Common Mistakes Businesses Make
- Accepting the first pricing model offered without comparison.
- Overlooking hidden fees such as monthly fees, PCI compliance fees, and chargeback fees.
- Failing to review merchant statements regularly for fee transparency.
- Not considering transaction mix changes that affect costs.
- Ignoring negotiation opportunities with payment providers.
Worked Example: Monthly Cost Comparison for £25,000 Turnover
Assuming 70% debit card transactions and 30% credit card transactions with the following fees:
Fee Type | Blended Pricing (1.75% plus 20p) | Interchange Plus Pricing (Example Rates) |
|---|---|---|
Debit Card Interchange | Included in blended rate | 0.2% per transaction |
Credit Card Interchange | Included in blended rate | 0.3% per transaction |
Scheme Fees | Included | 0.1% per transaction |
Acquirer Margin | Included | 0.5% plus 15p per transaction |
Blended Pricing Calculation: |
- Total fees = (1.75% of £25,000) plus (number of transactions multiplied by 20p)
- Assuming 500 transactions: £437.50 plus £100 = £537.50
Interchange Plus Calculation:
- Debit card fees: 70% of £25,000 = £17,500
- Interchange plus scheme plus margin = (0.2% plus 0.1% plus 0.5%) = 0.8%
- Fixed fees: 500 multiplied by £0.15 = £75
- Debit card fees = (0.8% of £17,500) plus £75 = £140 plus £75 = £215
- Credit card fees: 30% of £25,000 = £7,500
- Interchange plus scheme plus margin = (0.3% plus 0.1% plus 0.5%) = 0.9%
- Fixed fees: 500 multiplied by £0.15 = £75
- Credit card fees = (0.9% of £7,500) plus £75 = £67.50 plus £75 = £142.50
- Total fees = £215 plus £142.50 = £357.50
Please note: The actual fees in payment card processing may vary depending on the interchange categories and card scheme fees applied by the card networks (such as Visa and Mastercard). Understanding these variables is important for businesses seeking to optimise costs and manage transaction fees effectively.

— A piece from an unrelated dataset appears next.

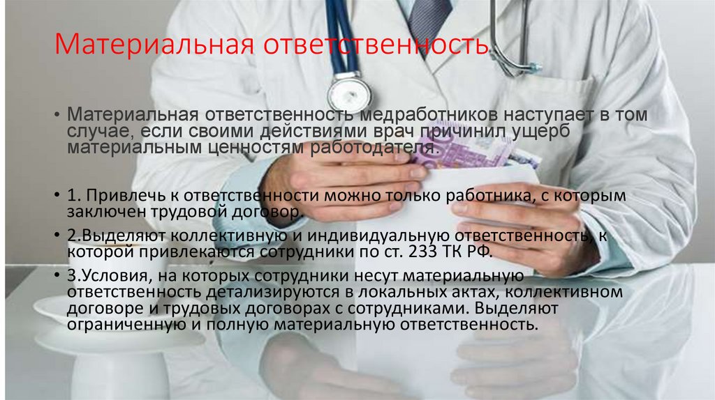 • 8.Материальная ответственность медицинских работников не

Monthly Savings: £537.50 (blended) minus £357.50 (interchange plus) = £180
This example shows interchange plus pricing can offer significant savings for businesses with a higher proportion of low-cost debit card transactions and sufficient volume.
Conclusion
Choosing between blended and interchange plus pricing models can have a substantial impact on your card processing costs. While blended pricing offers simplicity and predictability, interchange plus pricing provides transparency and potential savings for businesses with higher transaction volumes or varied card mixes. Regularly reviewing your merchant statement and negotiating your fees can help you avoid overpaying. We encourage UK businesses to assess their current pricing model and consider switching to a more cost-effective solution based on their transaction profile.